La dignité, « principe matriciel »

Le principe de dignité présente également la caractéristique d'être un « principe matriciel », dont d'autres principes dérivent. Il en est ainsi, notamment, du respect de l'être humain dès le commencement de sa vie ; de l'inviolabilité, de l'intégrité et de l'absence de patrimonialité du corps humain ; de l'interdiction de la torture ; de l'interdiction de la discrimination raciale. Tous ces principes dérivés ne bénéficient pas d'une protection aussi absolue que celui de dignité. Ainsi, le principe du respect de la vie peut être concilié avec la protection d'une autre vie (hypothèse de la légitime défense), la protection de la communauté nationale (hypothèse d'une guerre) ou la protection de la liberté d'autrui (hypothèse de l'avortement). En revanche, l'interdiction de la torture n'est pas dérogeable. La différence de traitement entre ces deux principes illustre bien la portée de celui de dignité : tuer quelqu'un ne signifie pas nécessairement que l'on ne le reconnaît pas comme un être humain, le torturer conduit nécessairement à le traiter comme un objet, à nier son humanité. L'esclavage représente l'une des formes les plus abouties de la négation de la dignité de la personne humaine, comme le relève la « controverse de Valladolid », au xvie siècle, qui portait sur la question de la reconnaissance de l'humanité des Indiens d'Amérique.

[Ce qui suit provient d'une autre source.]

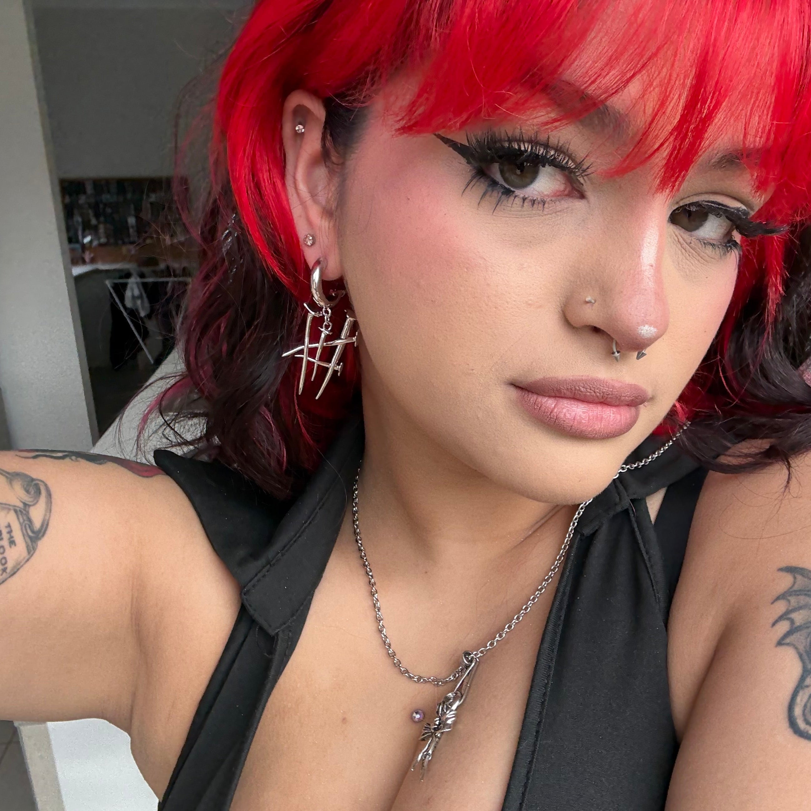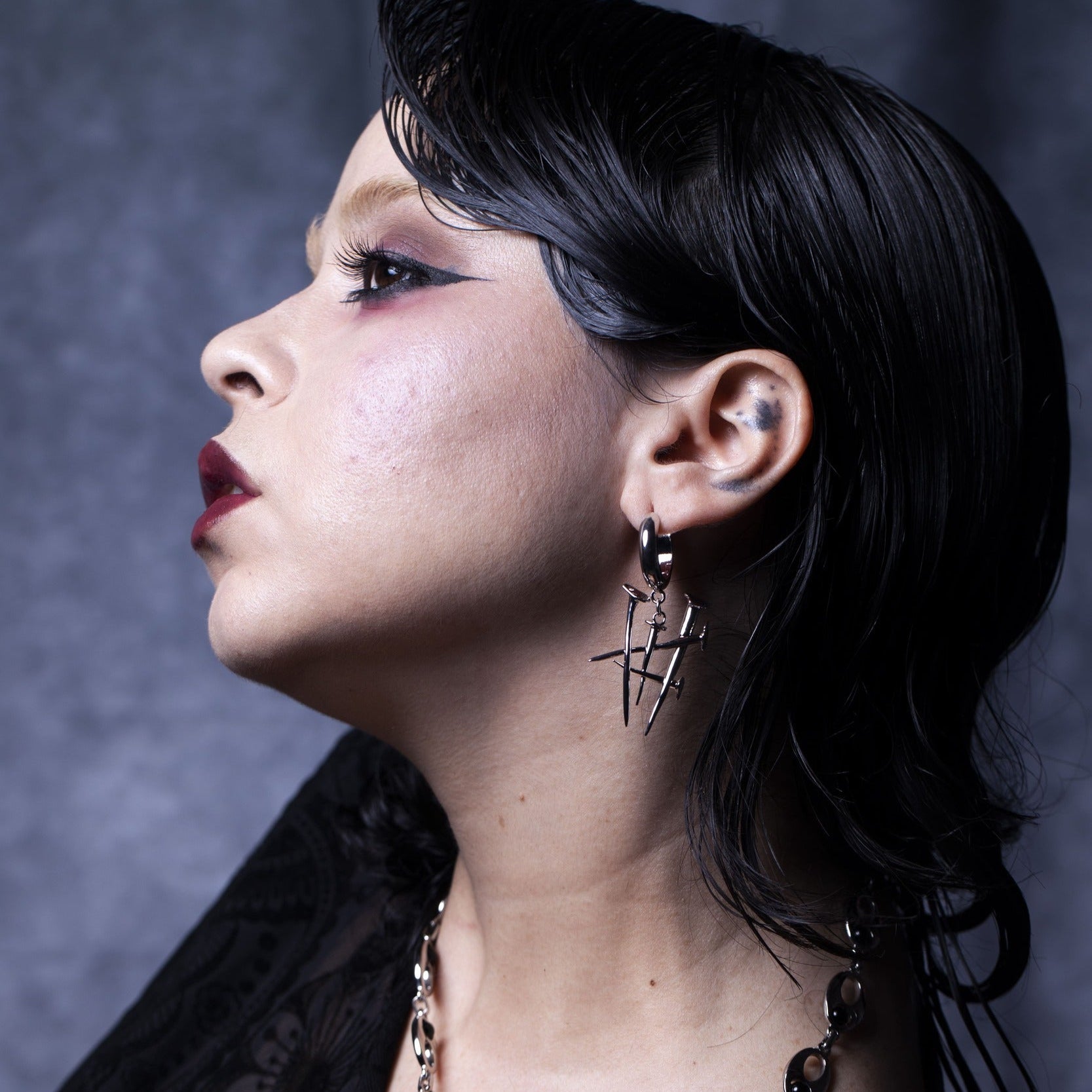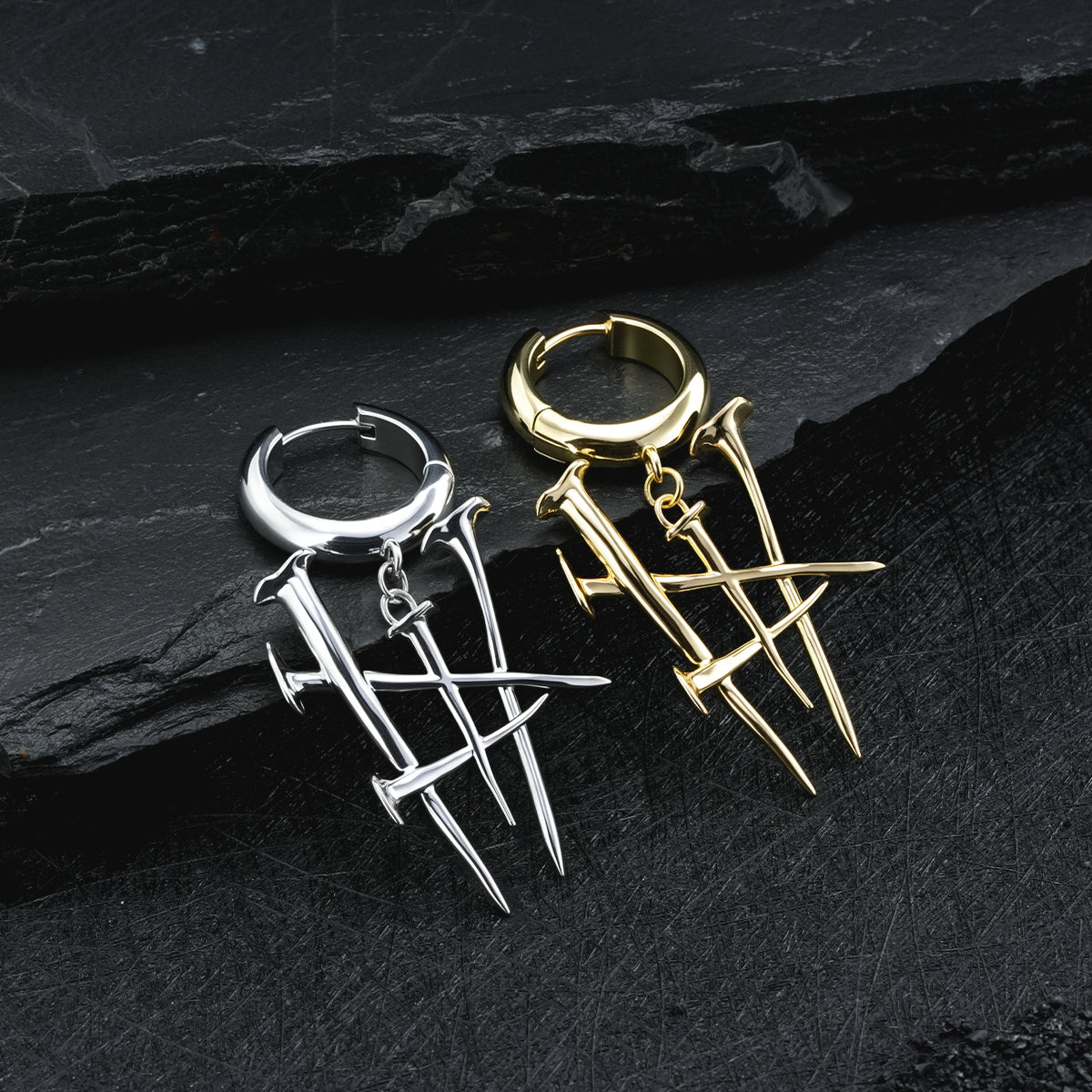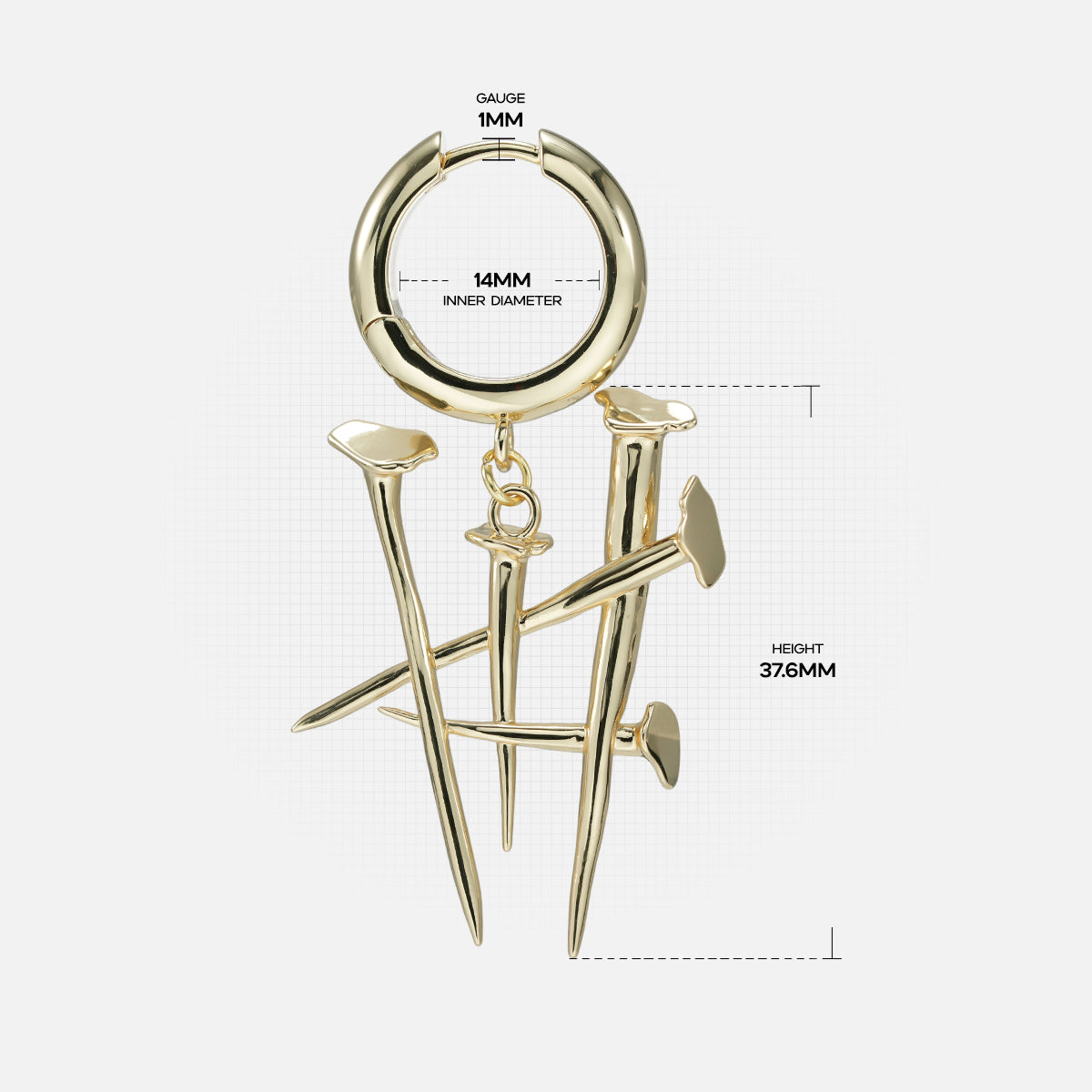 The Ritual Nails Earrings feature a striking nail-inspired design, blending industrial aesthetics with contemporary art for a bold statement. This item is sold as a pair.

Une autre question concerne la détermination du sujet protégé par le principe de dignité. Elle porte essentiellement sur l'embryon humain. Elle prend aujourd'hui une acuité particulière du fait de l'instrumentalisation dont cet embryon est susceptible d'être l'objet, qu'il s'agisse de le fabriquer (clonage), de le sélectionner (avortement médical ou tri préimplantatoire), ou d'en faire un matériau de recherche. La reconnaissance de la dignité de l'embryon humain n'emporte pas sa reconnaissance juridique en tant que personne, mais elle implique bien une protection au nom de l'humaine condition qui est la sienne.